◆ DATA SUPPLIED:
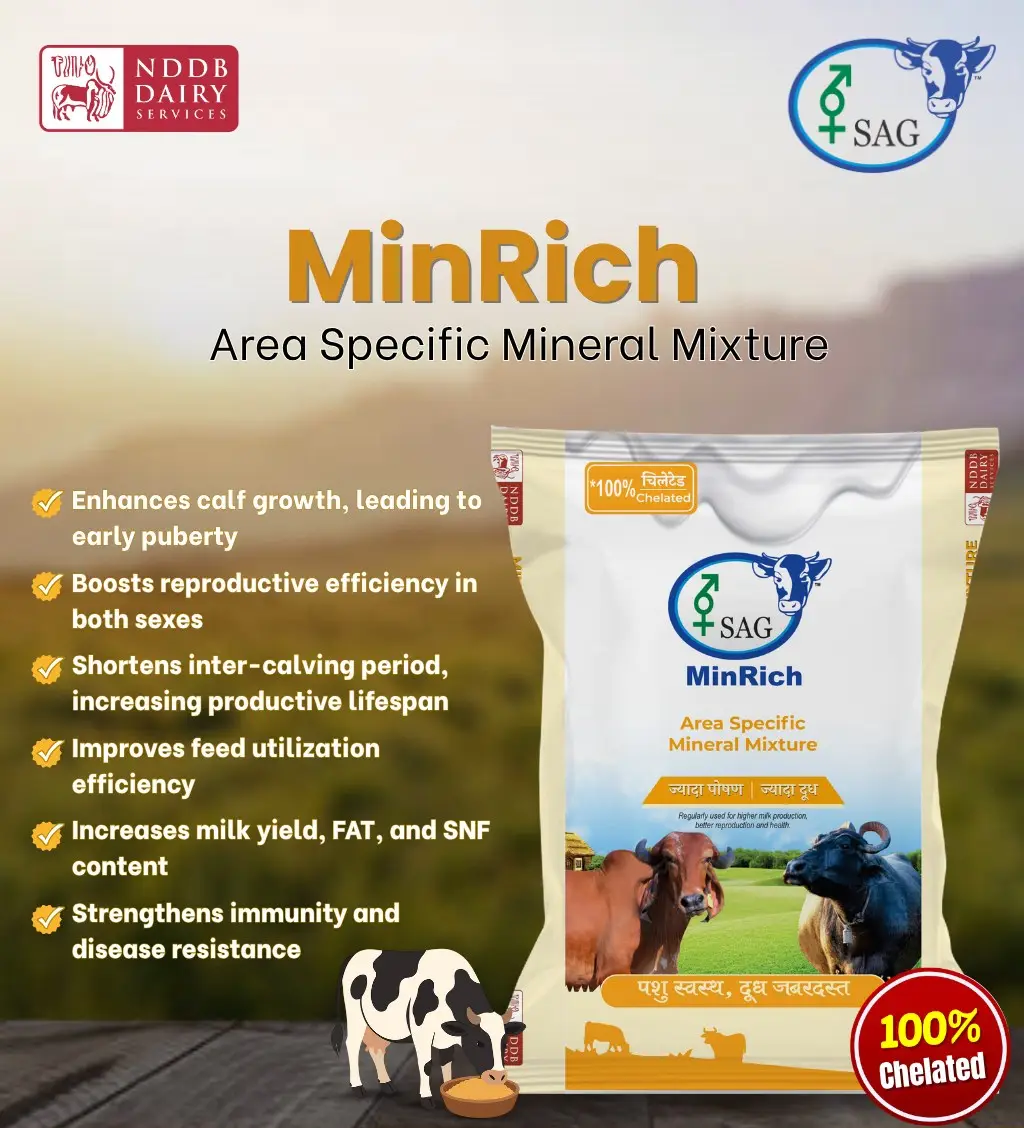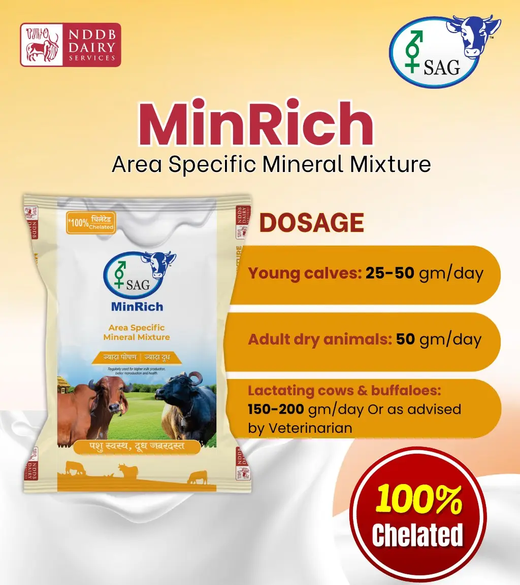 Compound cattle feed is palatable and good source of nutrients for growing, adult, dry, milk producing and pregnant animals. Through regular use of compound cattle feed in prescribed quantity along with basal diet, cost of milk production from dairy animals can be optimised and net profitability can be increased.
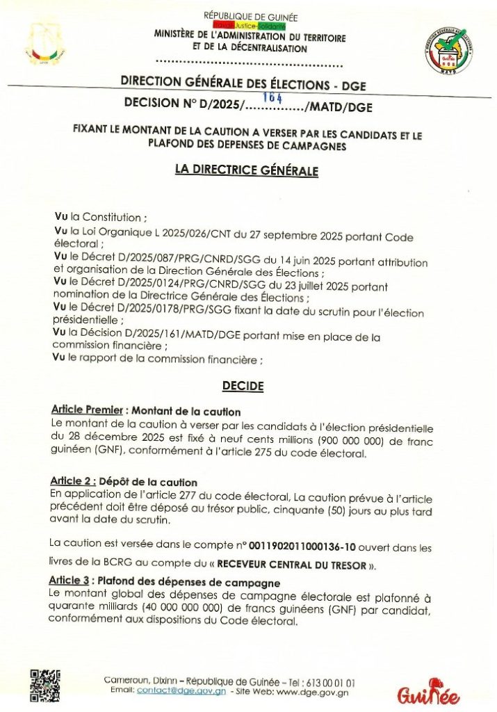 Dans un communiqué signé le 21 octobre 2025, Djénabou Camara Touré, directrice générale des élections (DGE), précise que ce montant est conforme à l’article 275 du Code électoral. Les candidats doivent déposer leur caution au Trésor public au plus tard 50 jours avant le scrutin, selon l’article 277 du Code électoral.
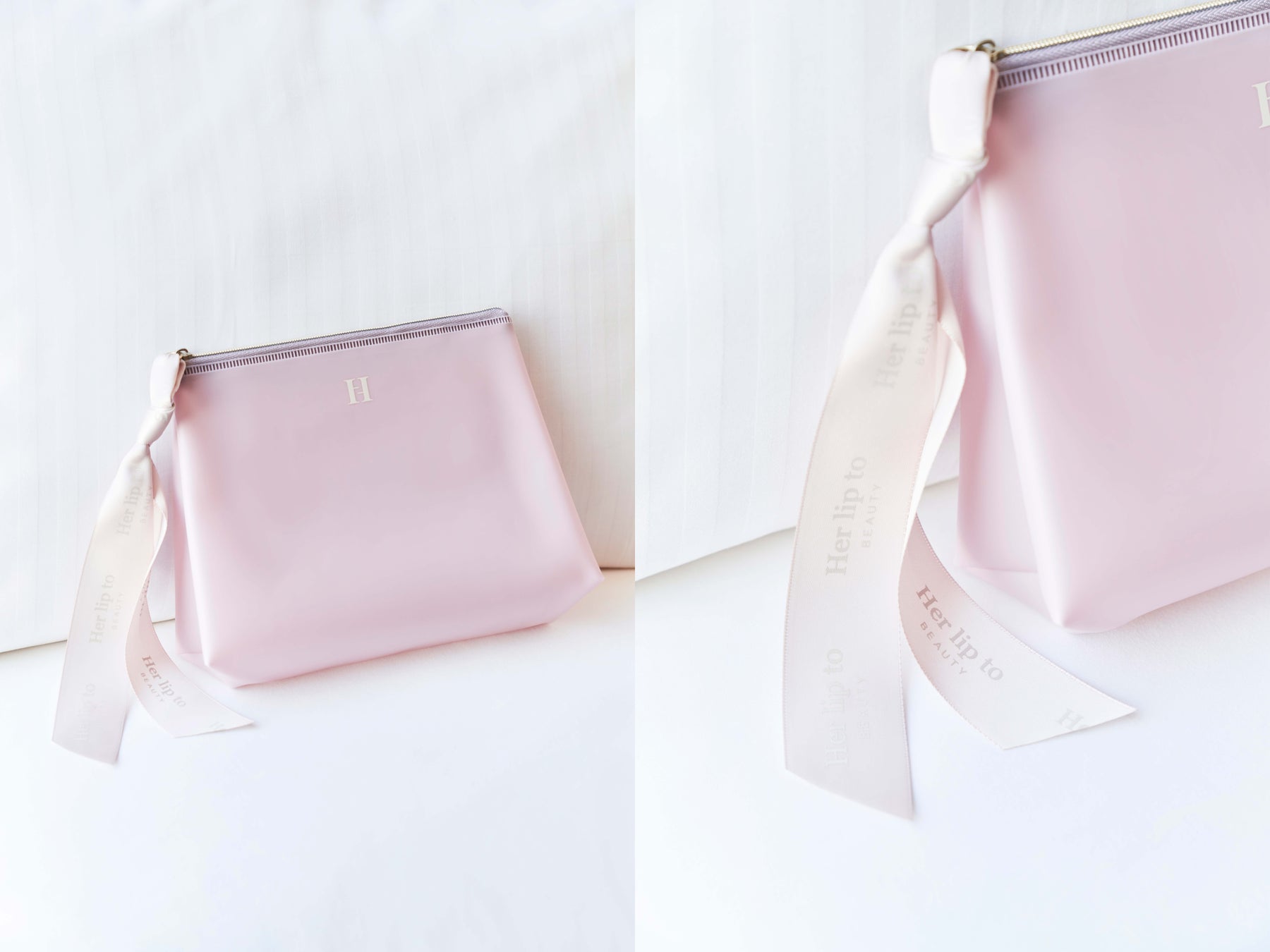 ブランドロゴが施されたエレガントなサテンリボンが目を惹く本セット限定のオリジナルポーチは、自立するマチ付きタイプで見た目以上に大容量なところもポイント。Her lip to BEAUTYのイメージカラーでもあるローズカラーのボディにシャンパンゴールドのジップを組み合わせました。
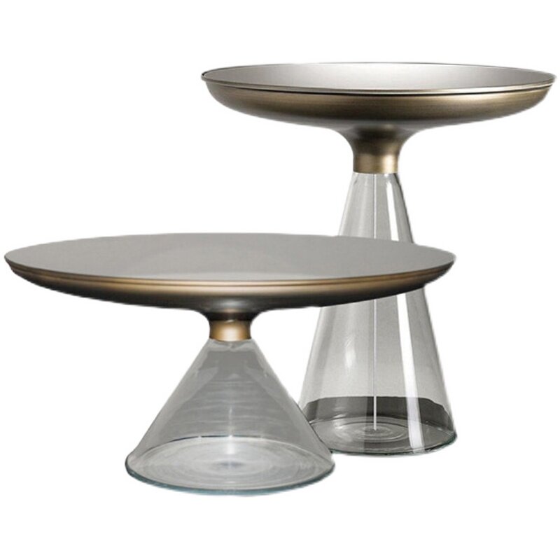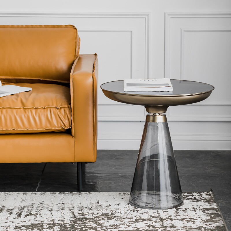 Light luxury new glass circular metal edge of several modern designers transparent color black angle several high and low customization
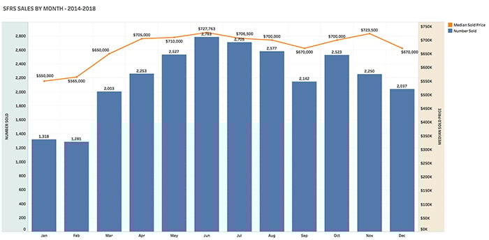 Generally, sales peak in the spring (in the months April, May and June) and then rise again in the fall (September and October). At these times, kids are in school, buyers and sellers are in town with more settled schedules.
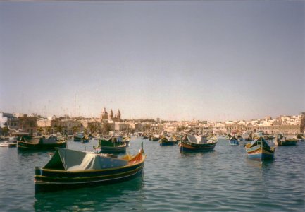 Boote in Marsaxlokk, hohe Klippen im Süden

◆ EXERCISE DIRECTIONS: Give back exactly the lines from the line with "Dans un communiqué" through the end of the records, both included; keep all pictures out.

◆ SOLUTION TO THE EXERCISE:
 Dans un communiqué signé le 21 octobre 2025, Djénabou Camara Touré, directrice générale des élections (DGE), précise que ce montant est conforme à l’article 275 du Code électoral. Les candidats doivent déposer leur caution au Trésor public au plus tard 50 jours avant le scrutin, selon l’article 277 du Code électoral.
 ブランドロゴが施されたエレガントなサテンリボンが目を惹く本セット限定のオリジナルポーチは、自立するマチ付きタイプで見た目以上に大容量なところもポイント。Her lip to BEAUTYのイメージカラーでもあるローズカラーのボディにシャンパンゴールドのジップを組み合わせました。
 Light luxury new glass circular metal edge of several modern designers transparent color black angle several high and low customization
 Generally, sales peak in the spring (in the months April, May and June) and then rise again in the fall (September and October). At these times, kids are in school, buyers and sellers are in town with more settled schedules.
 Boote in Marsaxlokk, hohe Klippen im Süden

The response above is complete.